(STORED DATA)

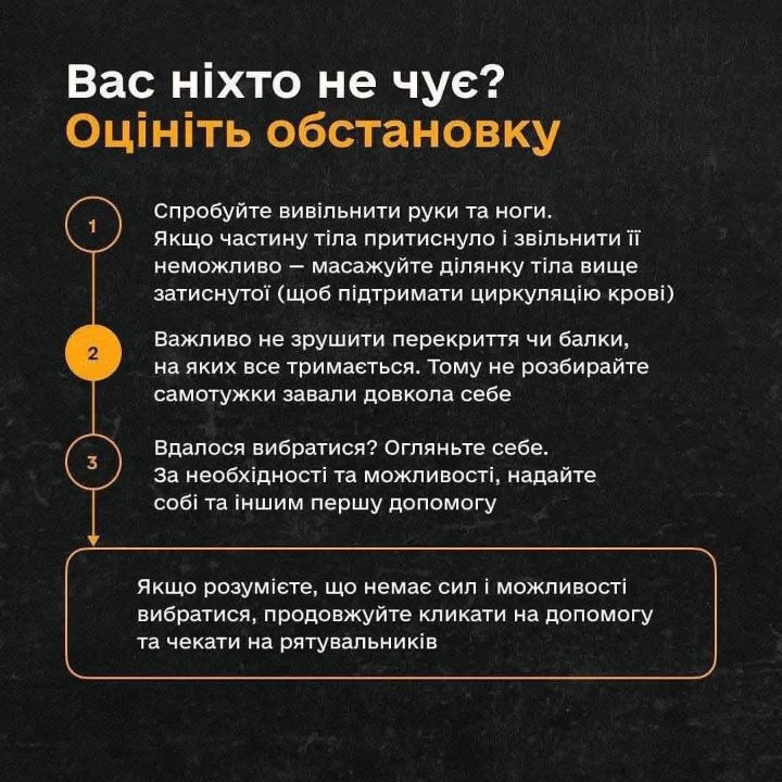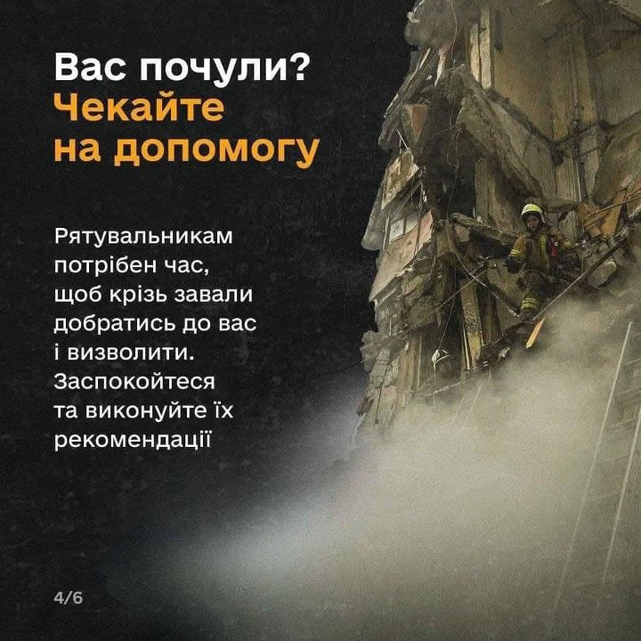 ✅Чекайте на допомогу. Рятувальникам потрібен час, щоб крізь завали добратись до вас і визволити. Заспокойтеся та виконуйте їхні рекомендації
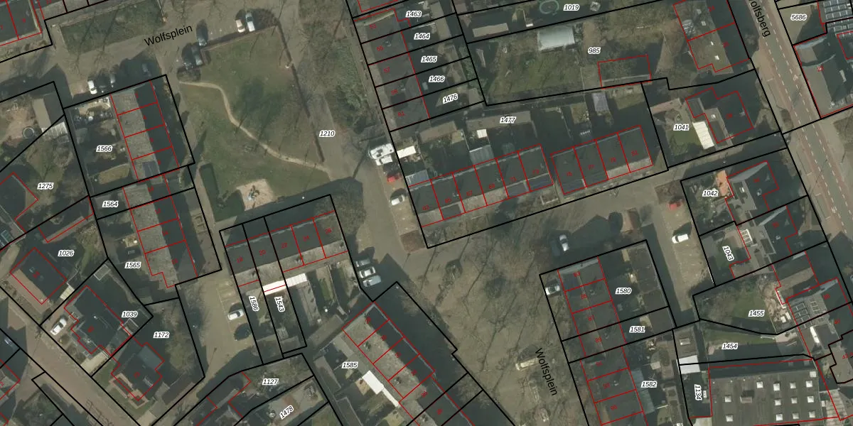 Het perceel waarop Wolfsplein 63 staat heeft een oppervlakte van 1555 m². Dit is een zeer groot perceel. De perceeloppervlakte wordt geregistreerd door het Kadaster. Gedetailleerde informatie over de maten van dit perceel kunt u vinden in het rapport Kadastrale kaart met maatvoering van Wolfsplein 63.
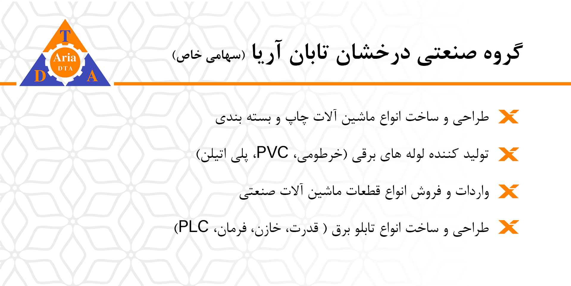 شرکت دانش بنیان درخشان تابان آریا پیشرو در طراحی و ساخت ماشینآلات بستهبندی، انواع وکیوم کانوایر با قدرتهای مختلف، انواع قطعات ماشینآلات، انواع تابلو برق صنعتی قدرت و مدار فرمان همراه با PLC هستیم. همچنین یکی دیگر از فعالیتهای ما طراحی و اجرای اتوماسیون خط تولید در کارخانجات صنعتی میباشد. تولید و توزیع لوله و خرطومی پلیاتیلن برقی یکی دیگر از فعالیتهای شرکت محسوب میشود.
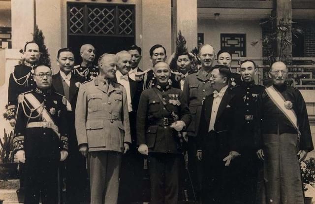 图注:五十年代末,蒋介石、周至柔(左)、唐纵(右后)于台湾省政府门前合影

(End STORED DATA)

◆ WHAT TO PRODUCE
Restate exactly, and only, the lines from the one that holds "شرکت دانش بنیان" down to the last line of the material above. Omit the pictures.

◆ ANSWER AREA
 شرکت دانش بنیان درخشان تابان آریا پیشرو در طراحی و ساخت ماشینآلات بستهبندی، انواع وکیوم کانوایر با قدرتهای مختلف، انواع قطعات ماشینآلات، انواع تابلو برق صنعتی قدرت و مدار فرمان همراه با PLC هستیم. همچنین یکی دیگر از فعالیتهای ما طراحی و اجرای اتوماسیون خط تولید در کارخانجات صنعتی میباشد. تولید و توزیع لوله و خرطومی پلیاتیلن برقی یکی دیگر از فعالیتهای شرکت محسوب میشود.
 图注:五十年代末,蒋介石、周至柔(左)、唐纵(右后)于台湾省政府门前合影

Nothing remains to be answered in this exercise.